MarkLogic Processors
ApplyTransformMarkLogic Processor
Creates FlowFiles from batches of documents, matching the given criteria, transformed from a MarkLogic server using the MarkLogic Data Movement SDK (DMSDK).
This allows an input which can used in the Query
property with the NiFi Expression Language.
Relationships
success
FlowFiles are generated for each document URI read out of MarkLogic.
failure
If a query fails a FlowFile goes to the failure relationship. If an input is provided to the QueryMarkLogic processor, the input FlowFile is penalized and passed. Otherwise a new FlowFile is generated and passed.
Properties
- DatabaseClient Service
- The DatabaseClient Controller Service that provides the MarkLogic connection.
- Batch Size
- The number of documents per batch - sets the batch size on the Batcher.
- Thread Count
- The number of threads - sets the thread count on the Batcher.
- Query
- The query criteria for retrieving documents that corresponds with the
Query Type
selected. Expression Language Enabled: FlowFile Scope - Query Type
- The type of query contained in the
Query
property. Available query types:- Collection Query Comma-separated list of collections to query from a MarkLogic server.
- Combined Query (JSON) Combine a string or structured query with dynamic query options (Allows JSON serialized cts queries). See documentation for more details.
- Combined Query (XML) Combine a string or structured query with dynamic query options (Allows XML serialized cts queries). See documentation for more details.
- String Query A Google-style query string to search documents and metadata. See documentation for more details.
- Structured Query (JSON) A simple and easy way to construct queries as a JSON structure, allowing you to manipulate complex queries. See documentation for more details.
- Structured Query (XML) A simple and easy way to construct queries as a XML structure, allowing you to manipulate complex queries. See documentation for more details.
- Apply Result Type
- Whether to REPLACE each document with the result of the transform, or run the transform with each document as input, but IGNORE the result. Default:
Replace
Available return types:- Replace Overwrites documents with the value returned by the transform, just like REST write transforms. This is the default behavior.
- Ignore Run the transform on each document, but ignore the value returned by the transform because the transform will do any necessary database modifications or other processing. For example, a transform might call out to an external REST service or perhaps write multiple additional documents.
- State Index
- Definition of the index which will be used to keep state to restrict future calls. Currently only supports xs:dateTime indexes.

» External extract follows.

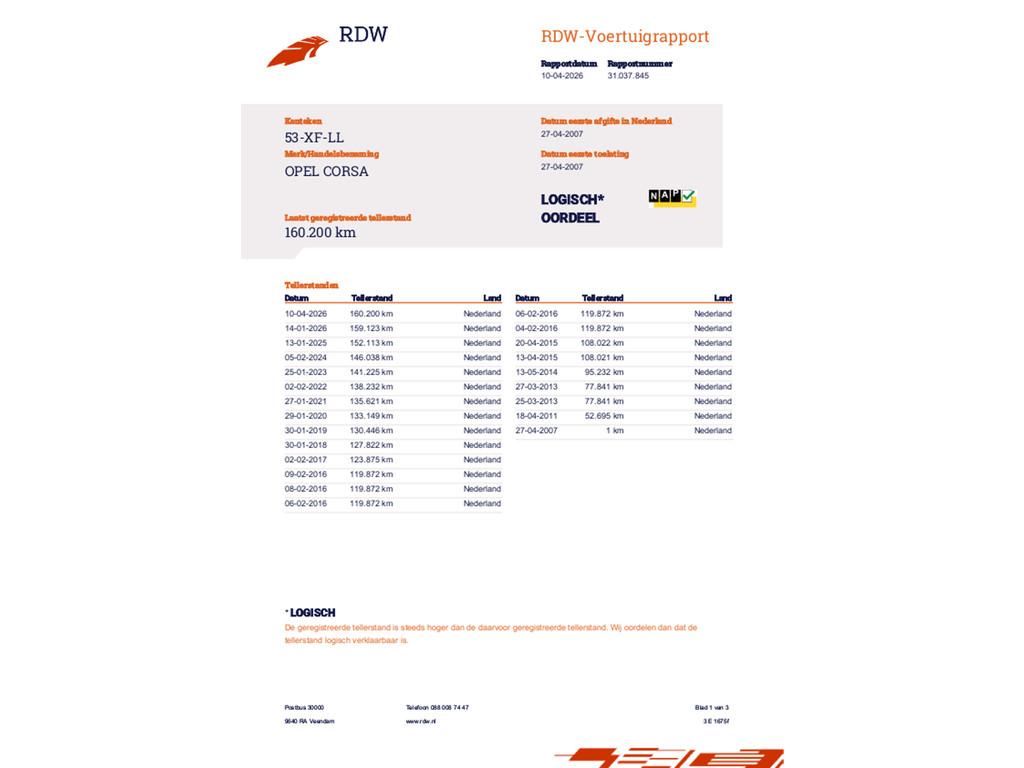 Mileage 160.200 NAP checked

Example State Index Values By Type
- Element Index:
xhtml:title
- Dynamic Property
ns:xhtml
=>http://www.w3.org/1999/xhtml
- Dynamic Property
- JSON Property:
title
- Path Index:
/xhtml:html/xhtml:head/xhtml:title
- Dynamic Property
ns:xhtml
=>http://www.w3.org/1999/xhtml
- Dynamic Property
- State Index Type
- Type of index to determine state for next set of documents.
- Element Index Index on an element. (Namespaces can be defined with dynamic properties prefixed with ‘ns:’.)

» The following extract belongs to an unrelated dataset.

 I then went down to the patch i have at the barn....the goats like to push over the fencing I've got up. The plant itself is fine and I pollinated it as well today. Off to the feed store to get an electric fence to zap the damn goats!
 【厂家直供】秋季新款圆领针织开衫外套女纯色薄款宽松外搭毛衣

- JSON Property Index Index on a JSON property.
- Path Index Index on a Path. (Namespaces can be defined with dynamic properties prefixed with ‘ns:’.)
- Server Transform
- The name of REST server transform to apply to every document as it’s written.
- trans:<custom-transform-parameter>
- A dynamic parameter with the prefix of
trans:
that will be passed to the transform. Expression Language Enabled: Variable Scope
DeleteMarkLogic Processor
Creates FlowFiles from batches of documents, matching the given criteria, deleted from a MarkLogic server using the MarkLogic Data Movement SDK (DMSDK).

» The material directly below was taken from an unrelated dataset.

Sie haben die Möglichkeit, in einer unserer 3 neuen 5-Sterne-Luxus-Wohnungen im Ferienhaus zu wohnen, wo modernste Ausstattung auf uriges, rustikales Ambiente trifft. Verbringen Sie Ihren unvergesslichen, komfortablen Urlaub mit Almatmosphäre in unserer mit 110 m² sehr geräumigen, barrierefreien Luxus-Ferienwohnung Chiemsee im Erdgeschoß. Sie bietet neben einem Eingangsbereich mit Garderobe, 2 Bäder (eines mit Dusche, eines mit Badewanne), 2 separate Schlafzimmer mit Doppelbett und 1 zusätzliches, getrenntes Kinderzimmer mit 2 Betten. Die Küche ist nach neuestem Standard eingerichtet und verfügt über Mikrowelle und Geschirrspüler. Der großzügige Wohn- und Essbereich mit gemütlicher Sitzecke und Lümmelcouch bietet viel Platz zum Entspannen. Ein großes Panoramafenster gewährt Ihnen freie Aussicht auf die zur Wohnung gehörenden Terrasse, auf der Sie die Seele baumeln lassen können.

This allows an input which can used in the Query
property with the NiFi Expression Language.
Relationships
success
FlowFiles are generated for each document URI read out of MarkLogic.
failure
If a query fails a FlowFile goes to the failure relationship. If an input is provided to the QueryMarkLogic processor, the input FlowFile is penalized and passed. Otherwise a new FlowFile is generated and passed.
Properties
- DatabaseClient Service
- The DatabaseClient Controller Service that provides the MarkLogic connection.
- Batch Size
- The number of documents per batch - sets the batch size on the Batcher.
- Thread Count
- The number of threads - sets the thread count on the Batcher.
- Query
- The query criteria for retrieving documents that corresponds with the
Query Type
selected. Expression Language Enabled: FlowFile Scope - Query Type
- The type of query contained in the
Query
property. Available query types:- Collection Query Comma-separated list of collections to query from a MarkLogic server.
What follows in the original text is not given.